→ **EXERCISE DETAILS**: Set the listing down exactly; no pictures.

→ **GIVEN INFORMATION**:
=== Section Start ===

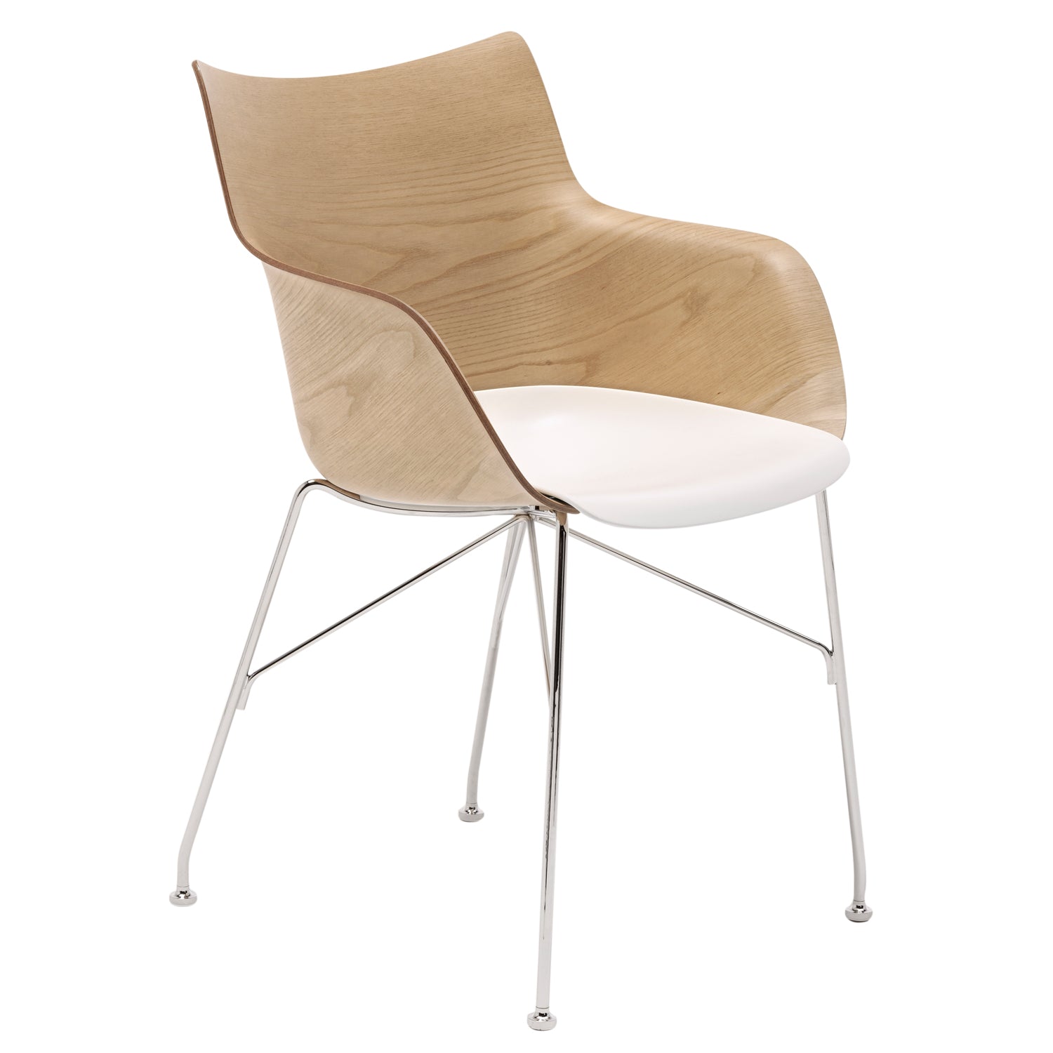 The Q Wood Armchair, designed by Philippe Starck for Kartell, utilises a unique curved wood technology to create a 3D moulded seat and back, ensuring a comfortable seat with an elegant and seamless aesthetic. Characterised by a timeless elegance, Q Wood provides optimum comfort as both a dining chair or in the office as desk chair.
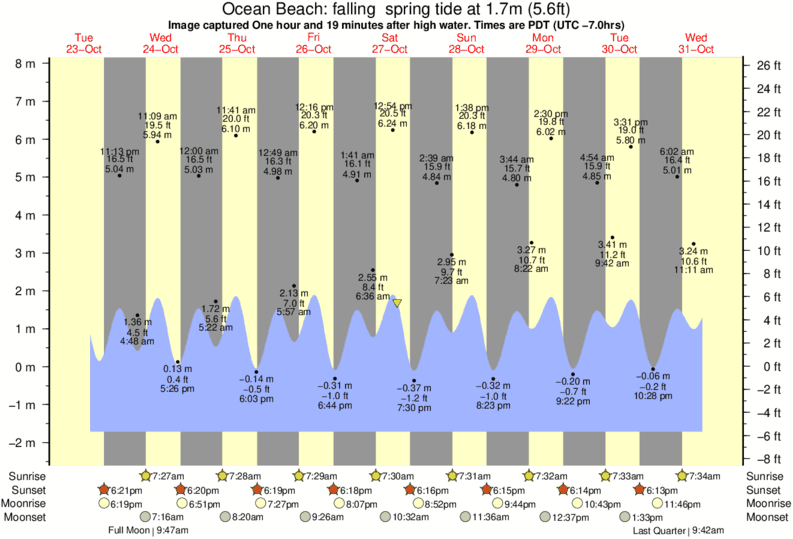 Forecast wind and swell just offshore from Ocean Beach around the time the photo was taken
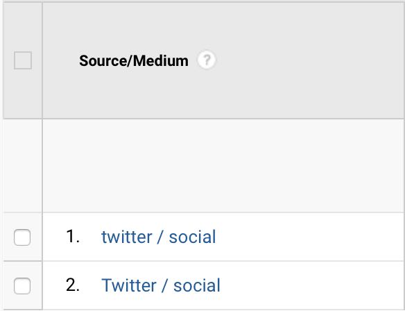 UTM tracking can quickly get complicated, especially when you work in a bigger team or organization. It's essential to set the UTM rules for consistent usages of parameters. In the screenshot below, you see an example of inconsistent usage of parameters. Google Analytics is case sensitive. E.g., utm_source=Twitter is different from utm_source=twitter and will be identified as a separate source.
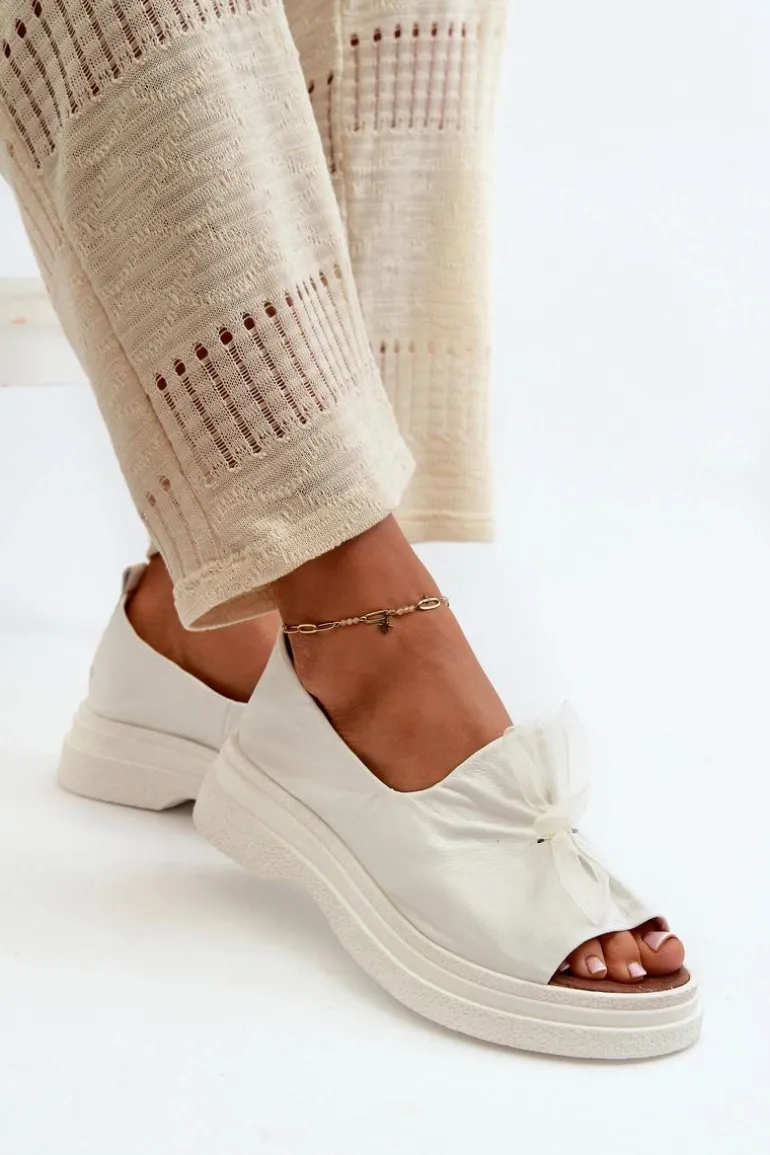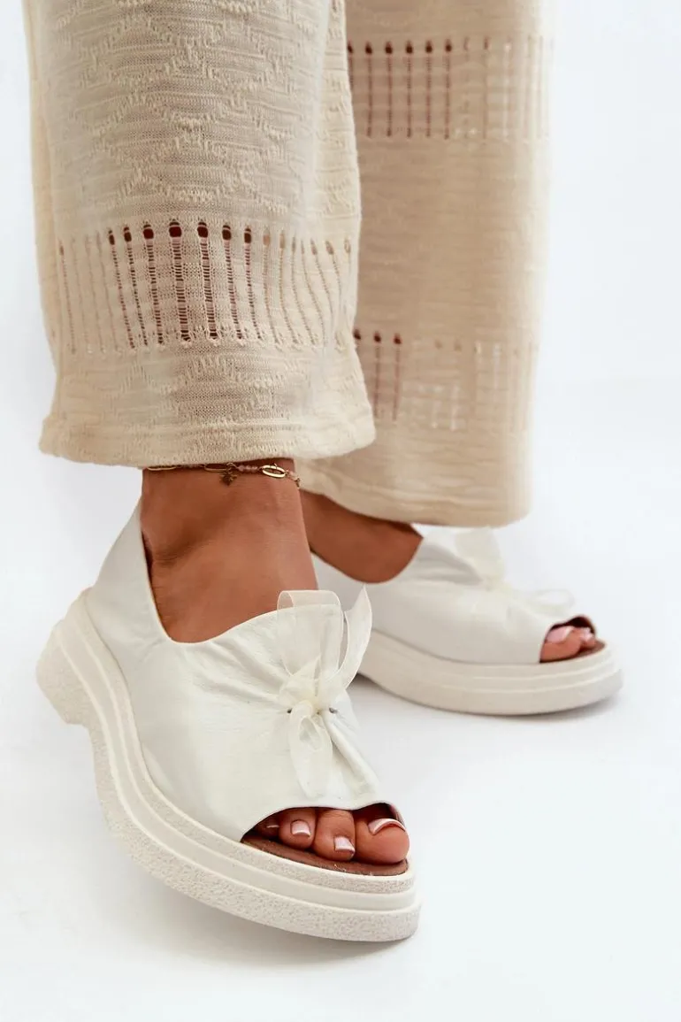 Damskie sandały wykonane ze skóry naturalnej to elegancki i komfortowy wybór na ciepłe dni. Osadzone na grubej, solidnej podeszwie, zapewniają stabilność i wygodę noszenia przez cały dzień. Miękka, skórzana wkładka dodatkowo zwiększa komfort użytkowania. Przód sandałów ozdobiony uroczą kokardką dodaje im subtelnego uroku i sprawia, że stanowią stylowy element każdej letniej stylizacji. Przy wyborze rozmiaru prosimy kierować się tabelą rozmiarów.

=== Section End ===

→ **EXERCISE SOLUTION**:
 The Q Wood Armchair, designed by Philippe Starck for Kartell, utilises a unique curved wood technology to create a 3D moulded seat and back, ensuring a comfortable seat with an elegant and seamless aesthetic. Characterised by a timeless elegance, Q Wood provides optimum comfort as both a dining chair or in the office as desk chair.
 Forecast wind and swell just offshore from Ocean Beach around the time the photo was taken
 UTM tracking can quickly get complicated, especially when you work in a bigger team or organization. It's essential to set the UTM rules for consistent usages of parameters. In the screenshot below, you see an example of inconsistent usage of parameters. Google Analytics is case sensitive. E.g., utm_source=Twitter is different from utm_source=twitter and will be identified as a separate source.
 Damskie sandały wykonane ze skóry naturalnej to elegancki i komfortowy wybór na ciepłe dni. Osadzone na grubej, solidnej podeszwie, zapewniają stabilność i wygodę noszenia przez cały dzień. Miękka, skórzana wkładka dodatkowo zwiększa komfort użytkowania. Przód sandałów ozdobiony uroczą kokardką dodaje im subtelnego uroku i sprawia, że stanowią stylowy element każdej letniej stylizacji. Przy wyborze rozmiaru prosimy kierować się tabelą rozmiarów.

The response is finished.